I think you're being wayyyyy too sensitive. This is called 'being an old bore' and the only required response is to roll your eyes. "Sure, mum, whatever."

Sneeeeze · 06/11/2022 13:01

I completely get that a lot of people think that things were better in the past and that's fine- I'm not saying they weren't. The thing that upset me is that it feels like everything I do will never be seen as good in her eyes.

OP posts:
drkpl · 06/11/2022 13:02

Your mum is being a bit ridiculous. Honestly, just ignore her or start ranting about how much better you think things were in the 1940s.

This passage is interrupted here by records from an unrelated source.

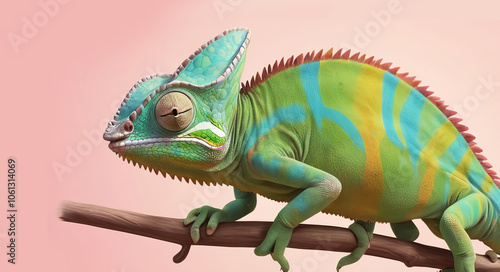 Fototapeta premium Playful chameleon cartoon with funny gestures, vibrant on a soft color...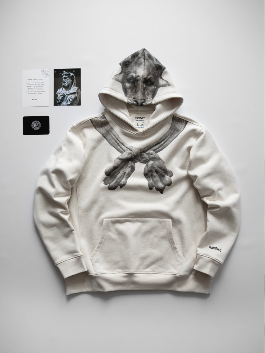 Дизайн худі натхенний скульптурою Геракла з нью-йоркского музею Метрополітен. Перший та найвідоміший із 12 подвигів Геракла - подолати Немейського лева. Це завдання здавалося нереальним до виконання, адже шкура лева була невразливою для стріл та мечів. Однак, використовуючи свою силу та винахідливість, він вирішив задушити його. Ця шкура лева стала його невідʼємною, ідеальною бронею.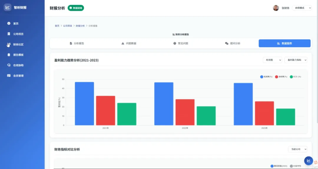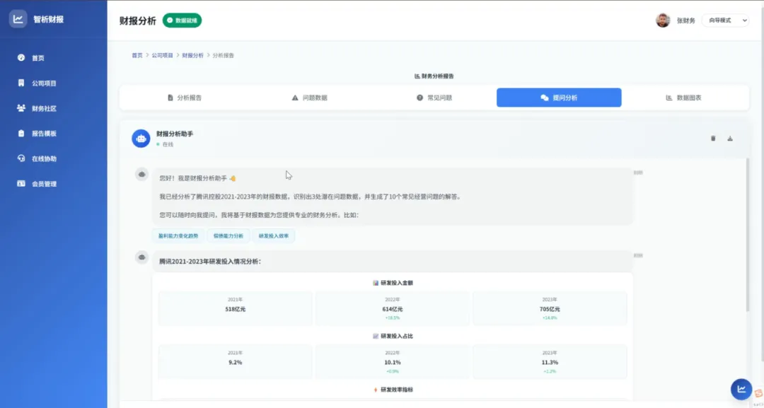 • 快速掌握财务健康度:无需专业背景,也能通过可视化报告和简明解读理解公司财务状况; • 及时发现经营异常:高亮提示数据异常(如利润率骤降、应收账款周转放缓),帮助事前风控; • 支持战略决策:基于历史数据和行业对比,提供数据驱动的可行性建议,辅助业务调整与资源分配。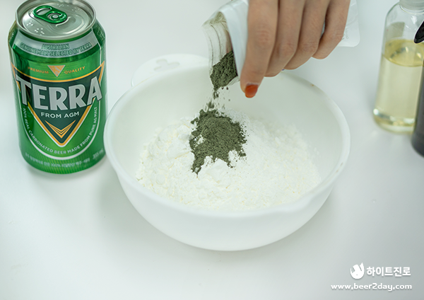 모든 재료들을 잘 섞어줍니다. 이 때 가루가 뭉치는 부분이 없도록 덩어리를 부숴가며 풀어주세요.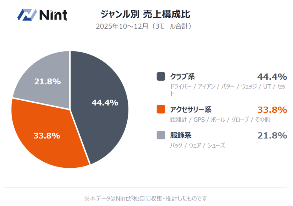 売上シェアの構成を見ると、前年からほとんど変動がありません。 売上構成比では、クラブ系6分類の合計が約44%で最大ですが、単体ジャンルとしては「ゴルフアクセサリー・その他」が約34%を占め、次いでバッグ・ウェア・シューズなど身につけるもの(服飾系)が約22%と、市場の構造は安定しています。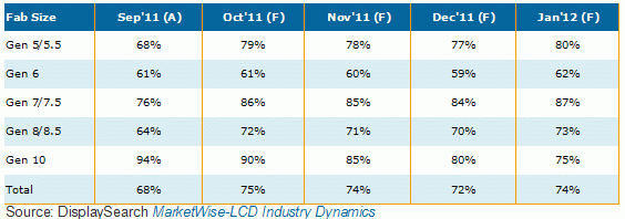 表一、Sep’11-Jan’12全球TFT-LCD面板各世代線產能利用率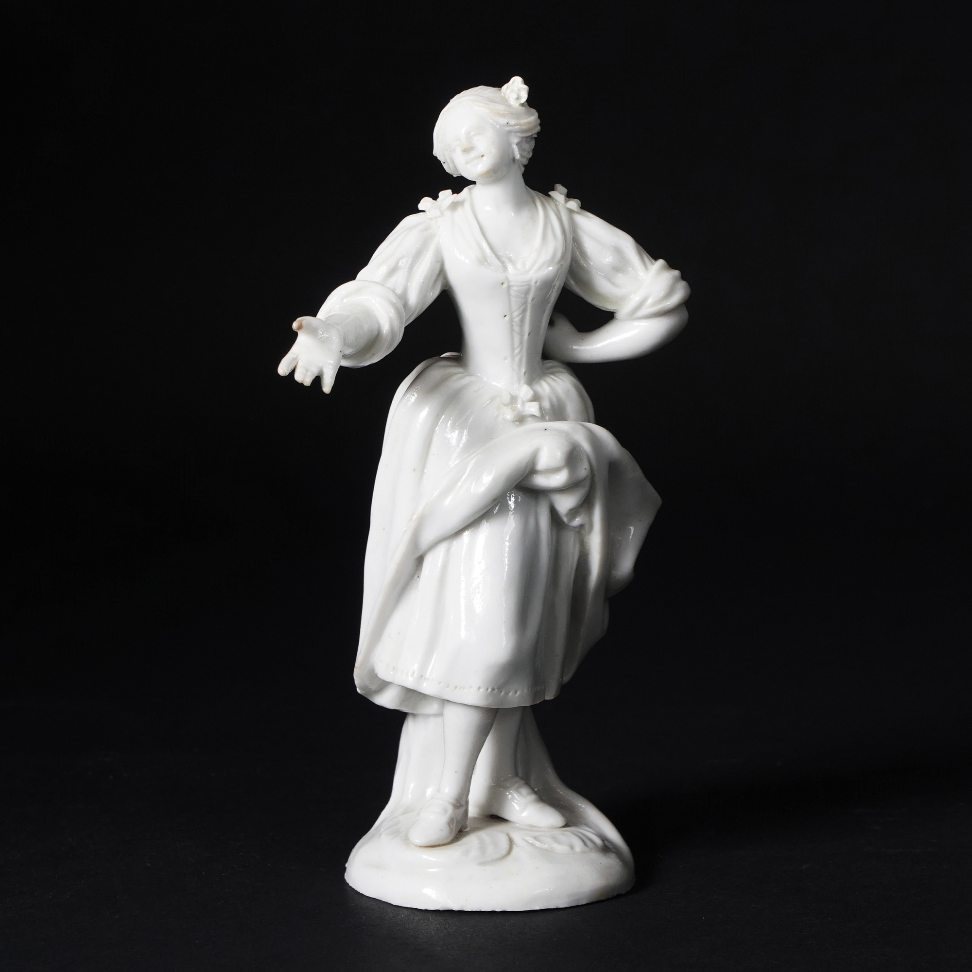 Scultura in porcellana bianca raffigurante una contadina. Nove, circa 1780,...

Hardbackwriter · 06/11/2022 13:02

I think it might be helpful if you could just pity your mum for this and so focus on that rather than your annoyance? It's sad and a bit pathetic that she's allowing nostalgia to suck the joy out of everything and while I can understand why it's driving you mad ultimately it's her that it's saddest for.

JennasCrustyHandbag · 06/11/2022 13:03

@hesbeingabitofadick true, Dangermouse was amazing and there were some amazing TV shows but remember we also had Bagpuss (check out the mermaid episode with no seashells so you can see her bare breasts) but today's TV show Bluey is so funny.

I think on demand TV, never having to wait a week for the next episode is life changing. I am team binge.